“Every poem is a political poem. Telling the truth is a political act.” Philip Levine.
For almost six years I’ve been enjoying a conversation with Moira Magneson about poetry and politics. Moira is one those rare human beings whose hopes for peace on this planet are genuine and indefatigable. She is also a truly talented poet. On Tuesday, we met at Café Metro—just down the street from Sacramento City College, where Moira teaches—to talk about Wislawa Szymborska’s poem, “Some People,” and why we think it works so well as both poetry and politics.

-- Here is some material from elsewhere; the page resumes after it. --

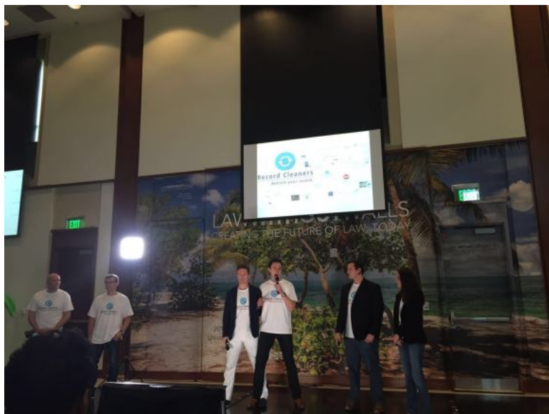
Komandos „Record Cleaners“ („Teistumo“ įrašų valytojai) projekto pristatymo akimirka / 2016 m., Majamio universitetas

Kitas projektas, sukėlęs daugybę minčių apie jo pažangumą, buvo susietas su informacinių technologijų kompanija IBM bei jos kuriamomis dirbtinio intelekto sistemomis. Šio projekto tikslas – pasinaudojant IBM vystomomis dirbtinio intelekto sistemomis sukurti taikomąją programą, kuri padėtų juristams atlikti rengiamų teisinių dokumentų kokybės analizę tam tikrais pjūviais ir pateiktų siūlymus dėl tobulinimo krypčių. Po šio projekto studentai buvo susisiekę su „IBM“ dirbtinio intelekto sistemų kūrėjais dėl tolimesnės projekto plėtotės.

The poem begins in a tone of matter-of-factness: “Some people flee some other people./In some country under a sun/and some clouds.” What struck us was how the poem sustains this tone through the use of generalities, while becoming more and more specific, to the point of creating an internal tension. A tension that echoes the tension between the distant people who created the war and the people caught in its cross-fire. The repeated use of the word “some” is constantly changing and takes on the sound of bombs detonating in the distance.
As the poem progresses, generality becomes universality as the reader creates his or her own image of the fleeing people’s faces, races, nationalities, and social classes. All the while, Ms. Szymborska provides crisp, specific imagery of the terrors they are trying to survive. Moira put it this way: “she is considering the many individually.”
“Some People” is a poem that creates empathy for people without choices. Ms. Szymborska’s empathy is inclusive. One that reminds us the perpetrator may not have many choices, either.
Some people flee some other people.
In some country under a sun
and some clouds.
They abandon something close to all they’ve got,
sown fields, some chickens, dogs,
mirrors in which fire now preens.
Their shoulders bear pitchers and bundles.
The emptier they get, the heavier they grow.
What happens quietly: someone’s dropping from exhaustion.
What happens loudly: someone’s bread is ripped away,
someone tries to shake a limp child back to life.
Always another wrong road ahead of them,
always another wrong bridge
across an oddly reddish river.
Around them, some gunshots, now nearer, now farther away,
above them a plane seems to circle.
Some invisibility would come in handy,
some grayish stoniness,
or, better yet, some nonexistence
for a shorter or a longer while.
Something else will happen, only where and what.
Someone will come at them, only when and who,
in how many shapes, with what intentions.
If he has a choice,
maybe he won’t be the enemy
and will let them live some sort of life.
Ms. Szymborska is a native of Poland and the winner of the 1996 Nobel Prize for literature. Born in 1923, she is among that generation of poets who many consider the most important of our time. I came upon “Some People” in her Poems New and Collected, 1957-1997 (Harcourt, Brace & Company, 1998), translated from the Polish by Stanislaw Baranczak and Clare Cavanagh.